Jicama Growing Information
© Frances Michaels
Botanical Name:Pachyrrhizus erosus
Jicama (pronounced he'-cama) has a variety of common names including
climbing yam bean; Mexican potato; Mexican Water Chestnut; Mexican turnip; cây củ đậu (Vietnam);
seng kuang (Malay); di gwa (Chinese); kuzuimo (Japan); sinkamas (Filipino); man kaeo (Thai); sankalu (Hindi).
Jicama is a vigorous, subtropical and tropical, climbing legume vine from South America. It has very pretty, big,
blue pea flowers. Sadly the flowers should usually be removed as the bean pods and seeds are toxic, they also take
a lot of vigour from the plant and reduce the harvest of tubers considerably. Let one plant go to seed for your
next year's crop.
Even though this plant is an herbaceous perennial, it is usually grown as an annual, because the root tuber, the
perennial part, is also the bit harvested. Jicama can be propagated from a tuber or seed. The plants die back in
winter in cool climates but the tubers will shoot again in spring. The root of jicama develops swellings the size
of a large turnip, (up to 5 per plant) under the surface of the ground.

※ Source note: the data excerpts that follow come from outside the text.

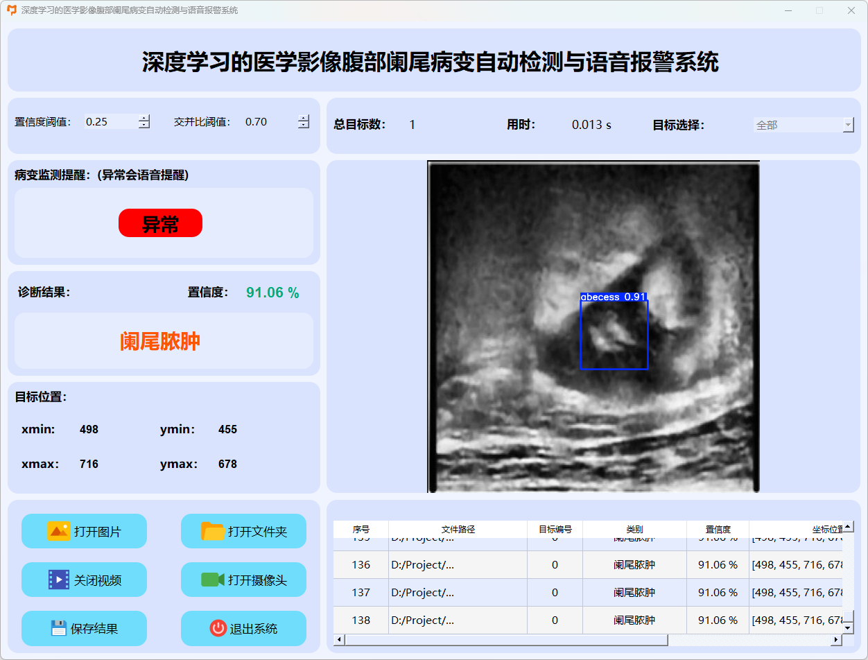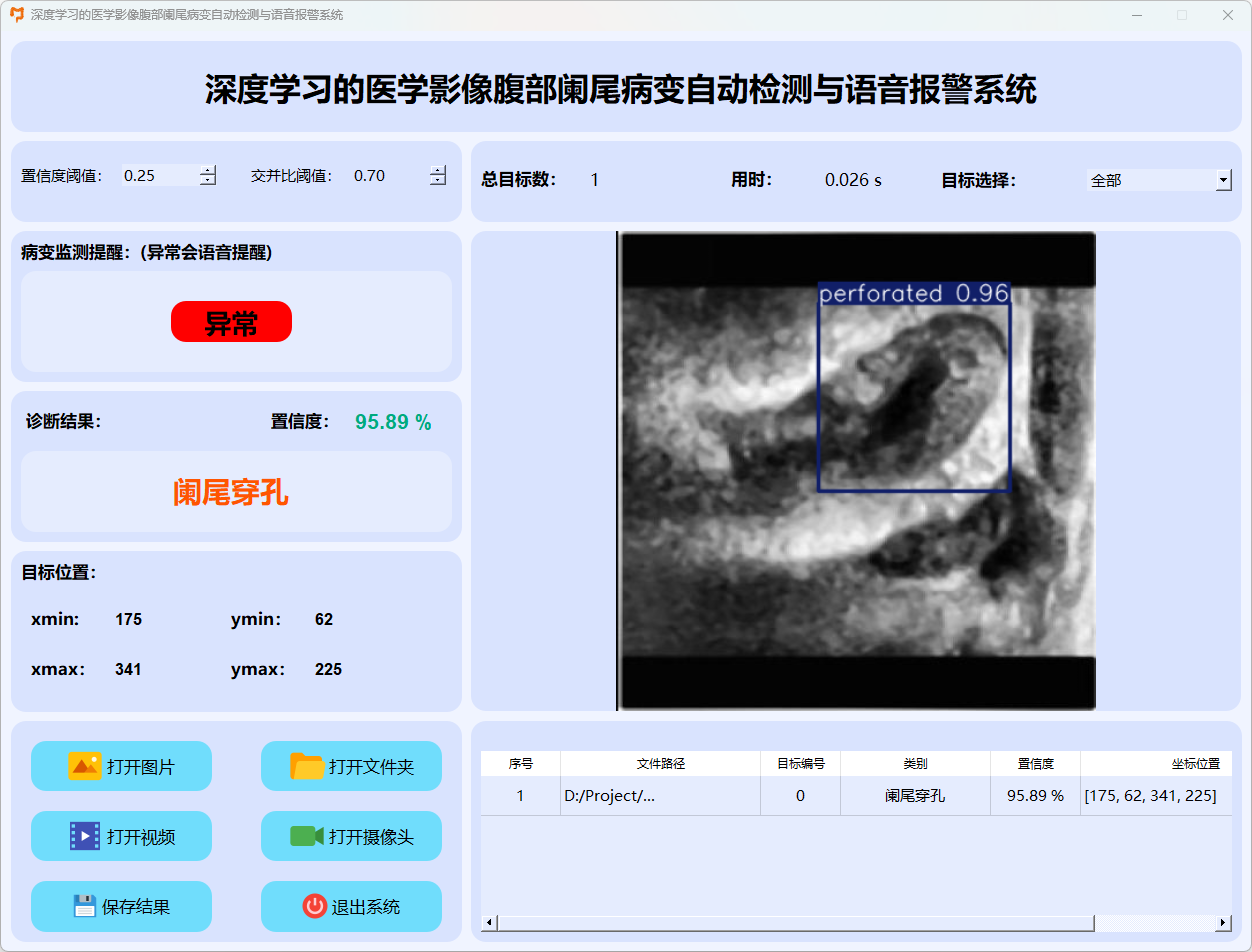 基于YOLOv8深度学习的医学影像腹部阑尾病变自动检测与语音报警系统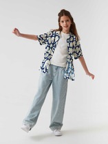 Трикотажный блуза из линейки VAY KIDS школа. Отложной воротничок, застежка на пуговицы с ажурной отделкой.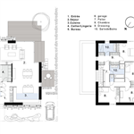 Un volume bas, regroupant garage et pièce technique précédé d’un car-port s’implante en limite nord, le long de la voirie. Le volume principal s’implante en retrait de 3m sur une profondeur de 12m et espacé de 3m de la limite Sud.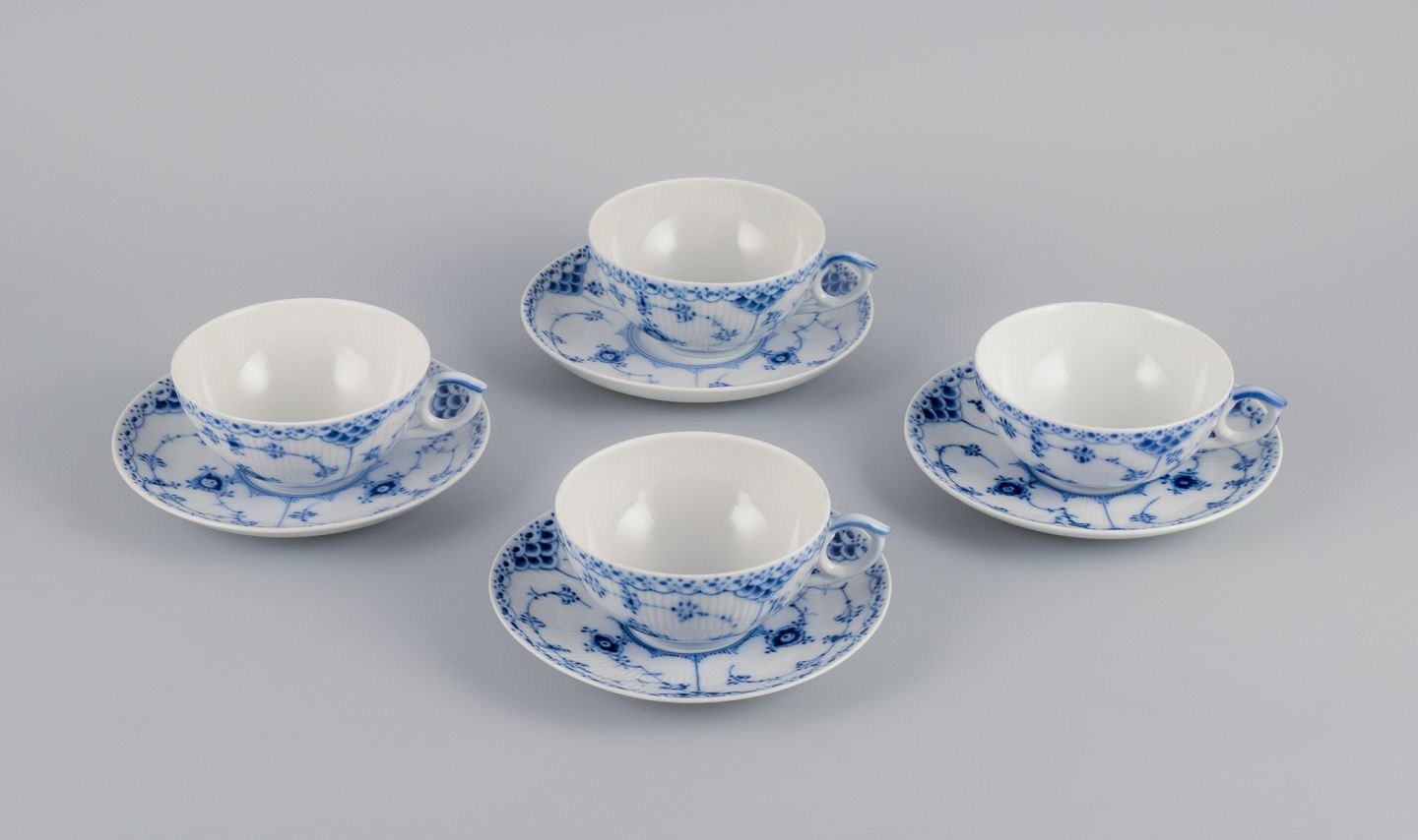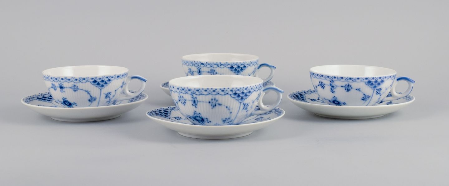 Royal Copenhagen, Blue Fluted half lace, four pairs of teacups. Model 1/525. Second and third factory quality. Marked. In perfect condition. Cup: D 9.8 x H 5.0 cm. Saucer: 14.5 cm.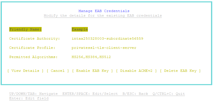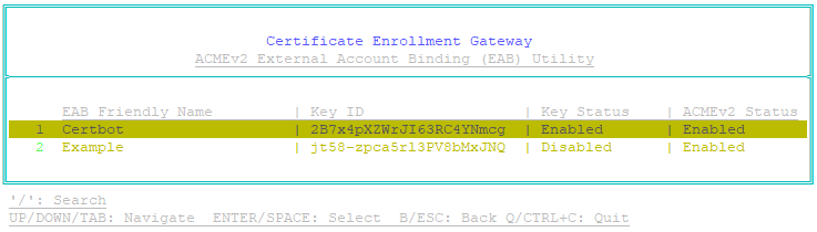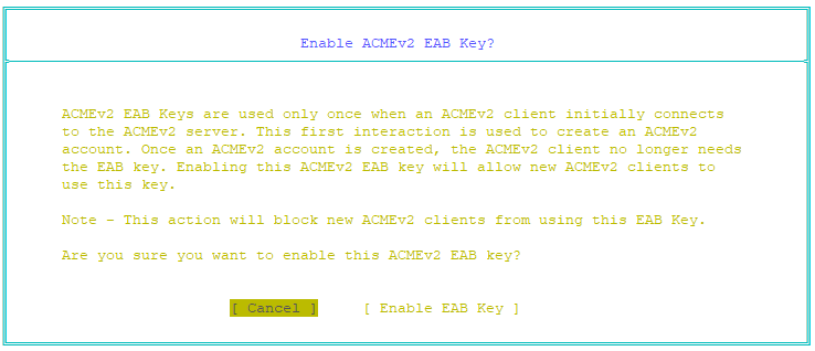 You can enable a key that has been disabled for an External Account Binding credential. When you enable a key, new ACMEv2 clients can use the key to create a new ACMEv2 account.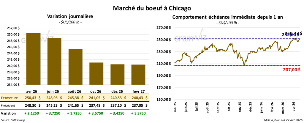 Le contrat de bœuf américain juin 26 a clôturé à 248,95 $ (+ 3,73 $). Celui d’août 26 a fermé à 245,38 $ (+ 3,73 $). Celui d’octobre 26 a terminé à 241,05 $ (+ 3,58 $).

Even though this vine can reach 2 - 6 m tall, it is usually pruned to
1 - 1.5 m as removing the flowers can double the yield of roots. In Mexico it is grown in fields and pruned with a
Jicama is frost tender and requires 9 months frost free for a good harvest of large tubers or to grow it
commercially. It is worth growing in cooler areas that have at least 5 months frost free as it will still produce
tubers, but they will be smaller.
Warm Temperate Areas:
For areas that have at least 5 months frost free, start seed
8 to 10 weeks before the last spring frost. Bottom heat will be required as jicama needs a warm soil to germinate.
Use either the top of a hot water system or a bottom heat propagator. The pots will need to be kept in a warm
place. It is unsuitable for areas with a short growing season unless grown in a glasshouse.
Sow the seed once the soil has warmed up in spring.
Sow all year in the tropics.
Soak the seed in warm water overnight to soften the seed coat and
Sow seed 5 cm deep.
Space plants 20 - 25 cm apart in rows 60 - 90 cm apart.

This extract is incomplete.